Si segnala che il comma 3 bis prevede che nel futuro potrà essere introdotto un sistema informatico di controllo e che per determinate categorie di utenti potrà essere obbligatorio l’utilizzo di apparecchiature elettroniche (futuro decreto ministeriale).

Art. 190
comma 24 bis registro di carico e scarico
Il registro di carico e scarico, in aggiunta alle precedenti prescrizioni (comma 6 vidimazione e gestione secondo le procedure e le modalità fissate per i registri IVA), deve essere numerato e vidimato dalla Camera di Commercio territorialmente competente. Per numerazione deve intendersi quella dei relativi fogli.
 È ammesso l’utilizzo di carta formato A4 a condizione che sia adeguatamente vidimata e numerata dalla Camera di Commercio.
Le imprese assoggettate all’obbligo dovranno provvedere, a decorrere dall’entrata in vigore della nuova normativa e cioè dal 13 febbraio 2008, a procedere alla vidimazione dei registri di carico e scarico alle nuove procedure di vidimazione. (vedi Nota Unioncamere prot. 1467 del 29 gennaio 2008)

Art. 206
comma 29 accordi di programma
Viene sostanzialmente confermato il testo originario dell’art. 206 relativo alla possibilità di concludere per il Ministero dell’ambiente accordi di programma finalizzati alla razionalizzazione e semplificazione delle procedure con enti pubblici, associazioni di categoria, soggetti pubblici e privati.
In ogni caso gli accordi non potranno derogare alla normativa nazionale e comunitaria.
comma 29 ter art. 208 comma 12 impianti di smaltimento e recupero rifiuti
Per gli impianti autorizzati in procedura ordinaria è stata prevista la possibilità, da parte dell’Amministrazione, di modificare prima della scadenza dell’autorizzazione (la cui durata è di dieci anni) e trascorsi almeno cinque anni dal rilascio le prescrizioni contenute nella stessa autorizzazione nel caso di particolari situazioni di criticità ambientale e tenendo conto dell’evoluzione delle migliori tecniche disponibili.

comma 30 – art. 212 comma 8 – trasporto propri rifiuti
In via preliminare si sottolinea che l’ultimo periodo del nuovo comma 8 sembrerebbe avere previsto una disciplina transitoria che rinvia, per questo specifico aspetto, l’entrata in vigore del decreto correttivo.
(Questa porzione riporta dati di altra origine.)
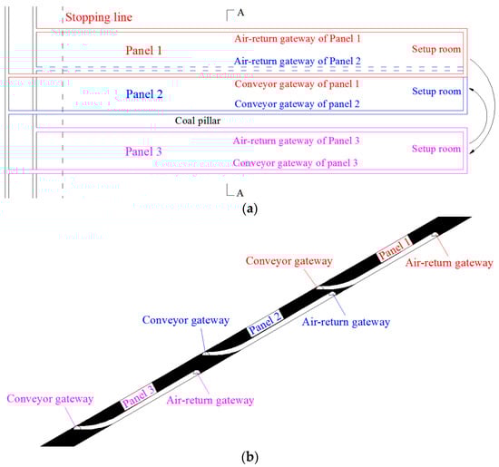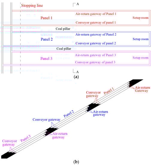 - Zhao, J.L. Development and outlook of 3-D stagger arrangement roadway layout technology. Coal Eng. 2014, 46, 1–3. (In Chinese) [Google Scholar]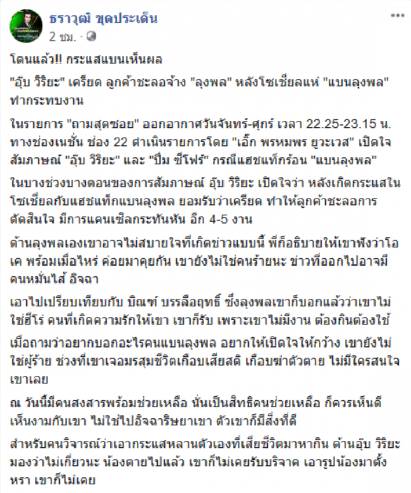 อุ๊บ วิริยะ เครียด หลังโซเชียลแห่ แบนลุงพล

Infatti, stando al testo normativo, le iscrizioni delle imprese effettuate entro 60 giorni dall’entrata in vigore del decreto, ossia entro il 12 aprile 2008, sono valide ed efficaci.
La nuova formulazione del comma 8 mantiene l’obbligo della comunicazione da parte dell’impresa, ma il rilascio del provvedimento da parte della sezione regionale dell’albo gestori ambientali deve avvenire entro 30 gg. dalla presentazione della comunicazione. L’aggiunta di questa indicazione fa sorgere il dubbio se l’impresa possa o meno, nelle more del rilascio del provvedimento, effettuare il trasporto dei propri rifiuti.
Si ricorda che il rilascio del provvedimento, come previsto dalla Nota dell’Agenzia delle Entrate 31 maggio 2007, è condizionato al pagamento della tassa di concessione di € 168,00 ai sensi dell’art. 22 della tariffa annessa al DPR 641/72.
Per l’iscrizione non è necessaria la presentazione delle garanzie finanziarie e alla comunicazione dovrà essere allegata una autocertificazione nella quale siano attestate la sede della società, le attività esercitate, le caratteristiche dei rifiuti prodotti (si dovranno indicare tutte le tipologie di rifiuto che l’impresa potrebbe potenzialmente produrre nell’esercizio delle attività, quali ad esempio: inerti da demolizione, imballaggi, materiali meccanici da manutenzione di veicoli in cantiere, ecc.), l’idoneità tecnica dei veicoli impiegati e le relative targhe, il versamento del diritto annuale di € 50,00 (da corrispondersi per i successivi rimane entro il 30 aprile di ciascun anno).
Ogni successiva variazione (es. targhe veicoli, rifiuti da trasportare, ecc.) dovrà essere espressamente comunicata all’Albo Gestori Ambientali.
Si ritiene che, al pari di quanto avvenuto nel 2006, l’Albo Gestori Ambientali assumerà, a breve termine, una specifica deliberazione per meglio definire le modalità pratiche di iscrizione.
Si ricorda che le comunicazioni presentate entro il 12 febbraio 2008 debbono essere corredate con la documentazione di cui alla normativa previgente e non quella richiesta dal decreto correttivo.
Le comunicazioni/iscrizioni effettuate ai sensi della presedente normativa restano valide.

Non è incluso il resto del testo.